Liu Xiao, Ma Jianyong, Huang Lin, Zhu Wengen, Yuan Ping, Wan Rong, Hong Kui
Cardiology Department, the Second Affiliated Hospital of Nanchang University Jiangxi Key Laboratory of Molecular Medicine, Jiangxi, China.
Medicine (Baltimore). 2017 Nov;96(44):e8273. doi: 10.1097/MD.0000000000008273.
The association between oral fluoroquinolones (FQs) usage and risk of severe arrhythmia-related events (ventricular arrhythmias and sudden cardiac death) remains controversial. Therefore we aimed to quantify this association and to evaluate the effects of FQs on adverse cardiovascular (CV) outcomes.
We retrieved data from the Cochrane Collaboration, PubMed, and China National Knowledge Infrastructure (CNKI) databases until August 2017. The studies that reported relative risk (RR) estimates with 95% confidence intervals (CIs) for the associations of interest were included. Data were extracted from the eligible articles, and we used a random effects model to calculate the effect estimates.

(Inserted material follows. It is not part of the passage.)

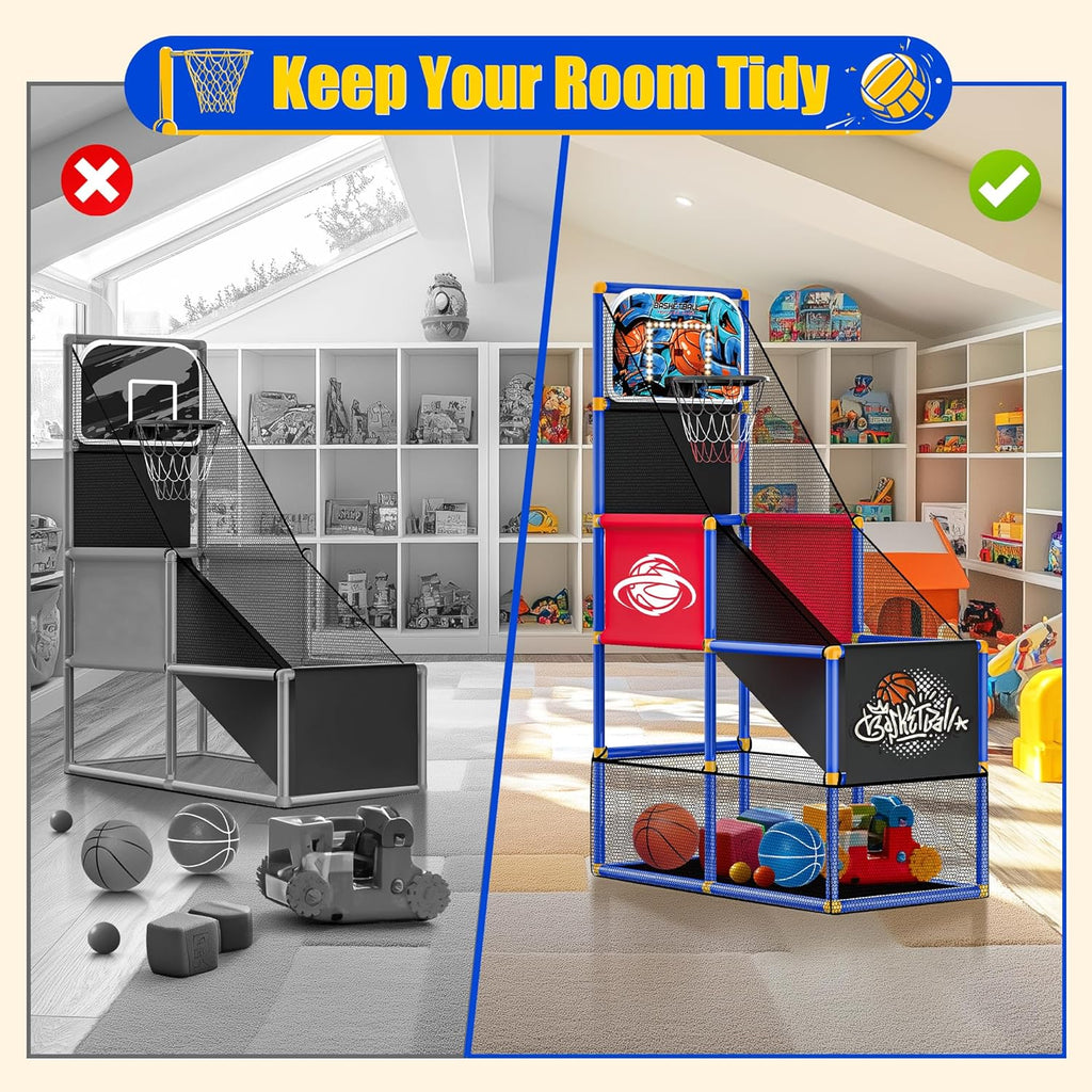 The mesh basket is designed to ensure that none roll away during play. It not only enhances convenience but also allows children to immerse themselves in the game without distractions.The spacious bottom space provides ample room to stow away basketballs and other toys.Maintaining a clean and organized play area helps kids understand the importance of environment orderly.By encouraging kids to tidy up after play,it teaches valuable lessons in responsibility and space management

Of the 16 studies that were included, 7 studies included serious arrhythmias, 3 studies included CV death, and 11 studies included all-cause death. The pooled RRs of FQs use were: 2.29 (95% CI: 1.20-4.36, P = .01) for serious arrhythmias; 1.60 (95% CI: 1.17-2.20, P = .004) for CV death; and 1.02 (95% CI: 0.76-1.37, P = .92) for all-cause death. The RRs associated with serious arrhythmias were 6.27 for gatifloxacin, 4.20 for moxifloxacin, 1.73 for ciprofloxacin, and 1.41 for levofloxacin. Current FQs users showed an increased risk of serious arrhythmias in the subgroup analysis. Treatment with FQs is associated with an absolute risk increase of 160 additional sudden deaths or ventricular arrhythmias, and 43 additional CV deaths per 1 million treatment courses.
The use of FQs could increase the risk of serious arrhythmias and CV death but not increase or all-cause death. Moreover, moxifloxacin and levofloxacin showed a higher risk of serious arrhythmias.
口服氟喹诺酮类药物(FQs)的使用与严重心律失常相关事件(室性心律失常和心源性猝死)风险之间的关联仍存在争议。因此,我们旨在量化这种关联,并评估FQs对不良心血管(CV)结局的影响。
我们检索了Cochrane协作网、PubMed和中国知网(CNKI)数据库截至2017年8月的数据。纳入报告了感兴趣关联的相对风险(RR)估计值及95%置信区间(CIs)的研究。从符合条件的文章中提取数据,并使用随机效应模型计算效应估计值。
纳入的16项研究中,7项研究包括严重心律失常,3项研究包括CV死亡,11项研究包括全因死亡。FQs使用的合并RR分别为:严重心律失常为2.29(95%CI:1.20 - 4.36,P = 0.01);CV死亡为1.60(95%CI:1.17 - 2.20,P = 0.004);全因死亡为1.02(95%CI:0.76 - 1.37,P = 0.92)。与严重心律失常相关的RR,加替沙星为6.27,莫西沙星为4.20,环丙沙星为1.73,左氧氟沙星为1.41。在亚组分析中,当前使用FQs的患者严重心律失常风险增加。FQs治疗每100万个疗程会使额外的猝死或室性心律失常绝对风险增加160例,额外的CV死亡增加43例。
使用FQs可能会增加严重心律失常和CV死亡风险,但不会增加全因死亡风险。此外,莫西沙星和左氧氟沙星显示出更高的严重心律失常风险。